The housing shortage is no longer just a coastal crisis

The housing shortage is no longer just a coastal crisis

Robert Dietzwho travels the country as chief economist for the National Association of Home Builders, warned of that confluence of problems before the pandemic.

“For the past four or five years, everywhere I go they call it substructure,” he said. The exception is communities that have suffered population loss (although they may also need new or renovated housing to replace homes that are becoming uninhabitable). “Everywhere,” said Mr. Dietz, “it was just a matter of degree and scale.”

There are more homes under construction across the country today than anytime since the 70s, when many baby boomers formed households (today’s large construction numbers reflect in part that it takes longer to build a home amid pandemic supply chain delays). But rising interest rates and fears of an impending recession mean homebuilders are already beginning to pull back, said Mr. dietz. And even at the current pace of construction, it would take years to make up the country’s deficit.
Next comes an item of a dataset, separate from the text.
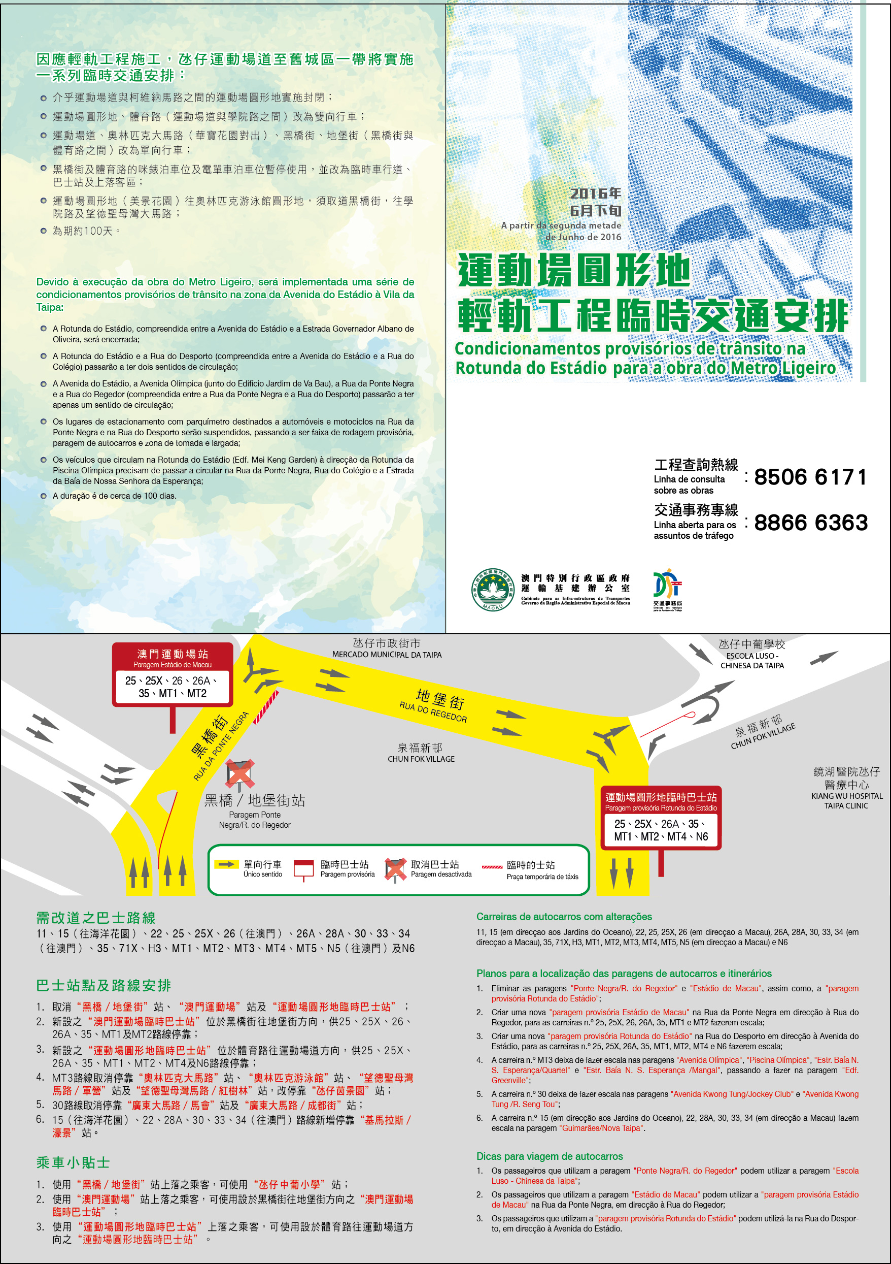 Os dois organismos públicos apelam ao público para prestar atenção aos referidos condicionamentos de trânsito de modo a saírem e planearem o itinerário com antecedência para a sua mobilidade, simultaneamente, respeitar as sinalizações de trânsito instaladas no local e as instruções dos agentes de trânsito. Com vista a permitir os cidadãos a conhecer as obras do Metro Ligeiro e os condicionamentos provisórios de trânsito nos troços acima referidos, os dois organismos públicos elaboraram os folhetos para distribuir ao público, e as respectivas informações encontram-se disponível na página electrónica. Para quaisquer consultas ou opiniões sobre a obra do Metro Ligeiro, os cidadãos podem telefonar para a linha aberta relativa à obra, através do número 8506 6171; e para a linha aberta relativa aos assuntos de tráfego, através do número 8866 6363.
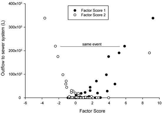 We next analyzed how these different factors synthesize to create conditions for overflow to the CSS. In Figure 4, factor scores for events are plotted pairwise (Factor 1, Factor 2) against event outflow volume. For events when system capacity is never exceeded and stormwater volume inputs are stored, factor scores for both Factor 1 and Factor 2 are small. This is related to overall low values of total event rainfall depth, low inflow volume, and an absence of flow moving through the network (Figure 4). As Factor 1 scores (as rain event depth) increase, flow through the network is initiated, which activates threshold or larger categories of outflow volume to the CSS (Figure 4), and evapotranspiration losses are proportionally less important in the regulation of these outflows. For the largest rainfall events (some of which may also have high intensity), outflow volumes are considerable, ranging from 10,400 to 338,300 L (Figure 4), and differences between Factors 1 and 2 are maximized. The only significant loss from the network under the largest stormflows is outflow to the CSS. Factor 2 scores are highly variable, which we attribute to event-wise differences in evapotranspiration losses, which remove soil moisture from the rooting zone over the course of days, whereas an increase Factor 1 values indicates rapid influx of stormwater volume occurring at the scale of minutes or hours.

So what would it mean to reimagine the housing shortage as a national crisis – perhaps with national responses and changing politics? Housing researchers from the libertarian-oriented Mercatus Center have often raised the issue with conservative politicians.

“Before Covid-19, you talked to people in Utah, in Tennessee, and they said, ‘Oh yeah, this is a blue state problem, Democrats don’t know how to run their state, we don’t have that problem here. ,’”said Nolan Graya former city planner and Mercatus affiliate who is now a graduate student at UCLA “And, of course, starting in 2020, I’m getting more and more frantic calls from people in states like Utah or Montana, or Florida.”

In a new book criticizing zoning, Mr. Gray describes how, beginning in the 1920s, the federal government encouraged local communities to adopt zoning plans. It’s only fair today, he argues, that the federal government is helping to reverse zoning plans that have made homes more expensive.